What about the assumptions that we made at the beginning of this section? As we stated earlier, the distribution of birthdays is not uniform throughout the year, and hence there are some months of the year where birthdays are more common than others. In fact, recent birthdate data (1994–2014) compiled by the U.S. Centers for Disease Control and Prevention’s National Center for Health Statistics (NCHS) and the Social Security Administration show that September 9 is the most common birth date in the United States. September is a very common month for birthdays as nine of the top ten birth dates occur in September, though the most common month for a birthday is August (Cahn 2024). How does the nonuniformity of birth dates throughout the year affect the calculations?

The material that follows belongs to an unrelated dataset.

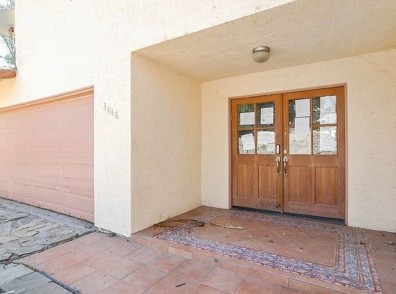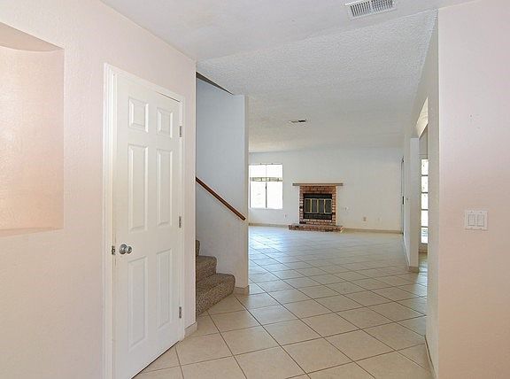 Unique stucco home with Spanish tiled roof, stone driveway, and lush foliage. Double doors and multi patterned tile work meet you inside and outside the front door. Inside the tile has been skillfully laid at diagonal with a fireplace in the living room. The kitchen has tiled counters and lots of natural light. Raised sun room. Fabulous covered patio with tile. The home offers 1,738 square feet with 3 bedrooms and 2.5 bathrooms. Attached 2 car garage. This is a great home located in a very safe area. Great investment.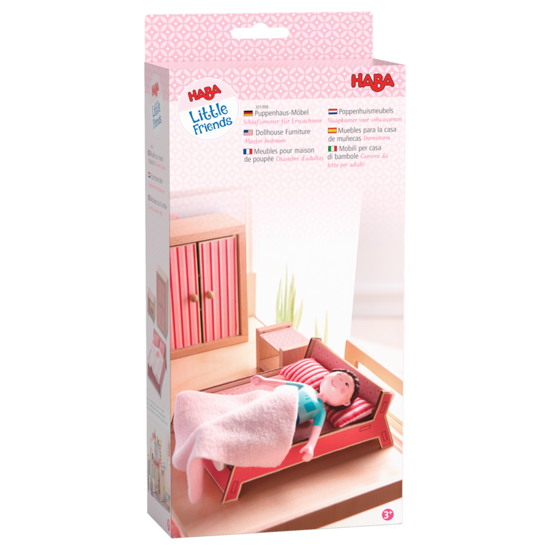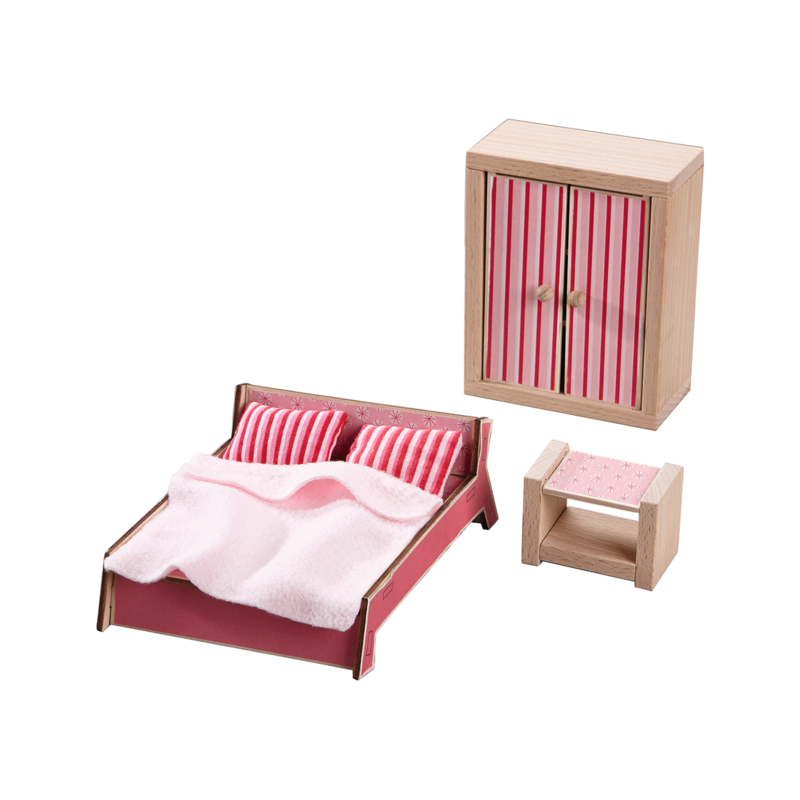 Einrichten und Umräumen macht Spaß! Mit den Puppenhausmöbeln Schlafzimmer Little Friends von Haba können die Kinder den entsprechenden Raum im Puppenhaus einrichten. Kinder lieben es, die kleinen Möbel, wie ein Bett, einen Schrank und einen Nachttisch in ihr Puppenhaus zu stellen und dann zu spielen.

It turns out that the probability of at least one match increases when the distribution of birth dates is not uniform (Bloom 1973; Munford 1977; Rust 1976). This makes sense because if there are some birthdays that are more common than others, we would expect that there would be a better chance of at least two individuals having those birthdays. Some researchers have used the actual distribution of birthdays in the United States to determine how much these probabilities change. What they found is that the probabilities are relatively insensitive to the moderate variation in birthrates observed in the United States (Nunnikhoven 1992). For example, when there are 10 people in the group, the probability of at least one match is 0.116948 when birthdays are assumed to be uniformly distributed throughout the year, whereas this probability is 0.117100 when the actual distribution of birthdays is used.